Jo read the next one out loud. 'If there are a hundred pages in a book, how many books would there be on the shelf?'

'The questions are just nonsense,' said Moon-Face gloomily.

'They were before, when we were here,' said Jo.

The third question was very short. Jo read it out. 'Why is a blackboard?'

'Why is a blackboard!' repeated Silky. 'There is no sense in that question either.'

'Well – the questions are nonsense, so we'll put down answers that are nonsense,' said Jo.

So they put down 'none' about how many cherries were left on the tree. Then they read the book-question again. And again they put down 'none'.

'We are not told that the shelf was a book shelf,' said Jo. 'It might be a shelf for ornaments, or a bathroom shelf for glasses and tooth-brushes and things. There wouldn't be any books there.'

The third question was a puzzler. 'Why is a blackboard?'

Jo ran out of his place and rubbed out the two last words. He wrote them again – and then the question read 'Why is a board black?'

'We can easily answer that,' said Jo, with a grin. 'Why is a board black? So that we can write on it with white chalk!'

So, when Dame Slap came back, the only people who had answered all the questions were Jo, Silky, Moon-Face and Connie! Dame Slap beamed at them.

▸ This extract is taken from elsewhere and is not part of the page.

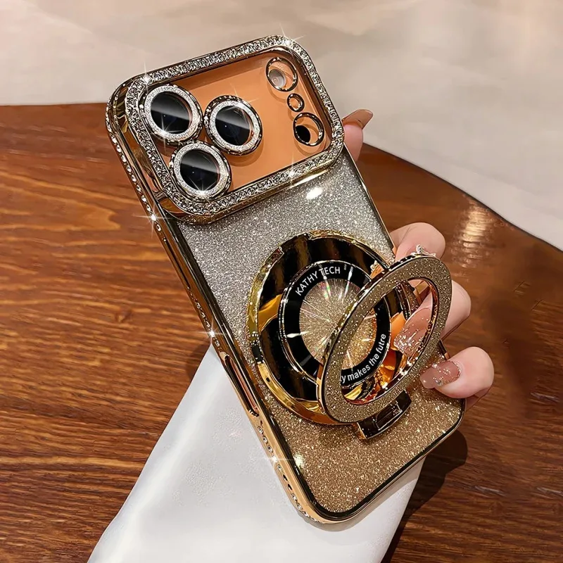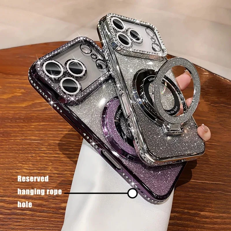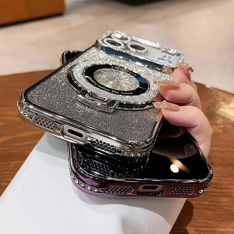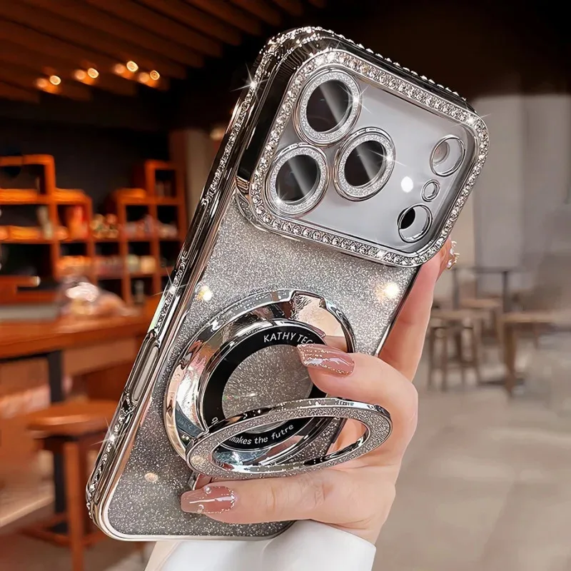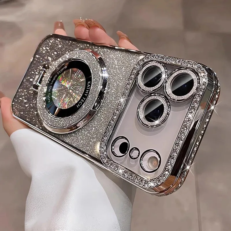 Plating transparent diamond glitter magnetic phone case for iPhone 17 16 13 14 15 Pro Max lens protection bracket back cover

'Dear me, I have some clever children at last! she said. 'You have written answers to all the questions.'

'Then they are right?' asked Silky, in wonder.

'I don’t know,' said Dame Slap. 'But that doesn't matter. It’s the answers I want. I don’t care what’s in them, so long as you have written answers. I don’t know the answers myself, so it’s no good my reading them.'"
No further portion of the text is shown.